## Input data
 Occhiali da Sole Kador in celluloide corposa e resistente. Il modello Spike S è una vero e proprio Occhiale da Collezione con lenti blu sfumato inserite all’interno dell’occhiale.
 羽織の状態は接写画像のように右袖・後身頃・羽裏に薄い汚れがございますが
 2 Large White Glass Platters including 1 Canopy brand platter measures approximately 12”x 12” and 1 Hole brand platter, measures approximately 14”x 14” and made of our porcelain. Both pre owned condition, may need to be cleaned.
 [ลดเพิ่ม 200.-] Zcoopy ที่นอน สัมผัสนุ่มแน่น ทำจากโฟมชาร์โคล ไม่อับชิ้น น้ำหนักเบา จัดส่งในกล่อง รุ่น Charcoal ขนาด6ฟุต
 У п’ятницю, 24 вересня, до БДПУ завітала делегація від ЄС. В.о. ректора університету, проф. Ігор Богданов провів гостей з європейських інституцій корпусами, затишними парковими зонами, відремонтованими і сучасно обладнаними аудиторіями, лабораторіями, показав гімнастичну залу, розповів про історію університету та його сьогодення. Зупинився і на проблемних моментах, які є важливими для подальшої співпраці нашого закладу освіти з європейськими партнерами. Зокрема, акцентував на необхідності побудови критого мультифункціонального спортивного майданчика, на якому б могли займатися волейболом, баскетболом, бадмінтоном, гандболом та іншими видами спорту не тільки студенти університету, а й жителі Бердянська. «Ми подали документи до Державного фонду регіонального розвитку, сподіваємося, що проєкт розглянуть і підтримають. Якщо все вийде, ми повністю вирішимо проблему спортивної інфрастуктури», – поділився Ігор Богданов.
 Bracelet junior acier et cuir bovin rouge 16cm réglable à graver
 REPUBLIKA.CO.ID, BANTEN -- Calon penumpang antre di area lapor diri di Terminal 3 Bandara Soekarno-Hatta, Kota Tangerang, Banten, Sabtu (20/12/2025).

## What you will do
Return only the lines between the one holding "[ลดเพิ่ม 200.-] Zcoopy" and the one holding "Bracelet junior acier", inclusive, exactly as they appear above.

## Expected answer
 [ลดเพิ่ม 200.-] Zcoopy ที่นอน สัมผัสนุ่มแน่น ทำจากโฟมชาร์โคล ไม่อับชิ้น น้ำหนักเบา จัดส่งในกล่อง รุ่น Charcoal ขนาด6ฟุต
 У п’ятницю, 24 вересня, до БДПУ завітала делегація від ЄС. В.о. ректора університету, проф. Ігор Богданов провів гостей з європейських інституцій корпусами, затишними парковими зонами, відремонтованими і сучасно обладнаними аудиторіями, лабораторіями, показав гімнастичну залу, розповів про історію університету та його сьогодення. Зупинився і на проблемних моментах, які є важливими для подальшої співпраці нашого закладу освіти з європейськими партнерами. Зокрема, акцентував на необхідності побудови критого мультифункціонального спортивного майданчика, на якому б могли займатися волейболом, баскетболом, бадмінтоном, гандболом та іншими видами спорту не тільки студенти університету, а й жителі Бердянська. «Ми подали документи до Державного фонду регіонального розвитку, сподіваємося, що проєкт розглянуть і підтримають. Якщо все вийде, ми повністю вирішимо проблему спортивної інфрастуктури», – поділився Ігор Богданов.
 Bracelet junior acier et cuir bovin rouge 16cm réglable à graver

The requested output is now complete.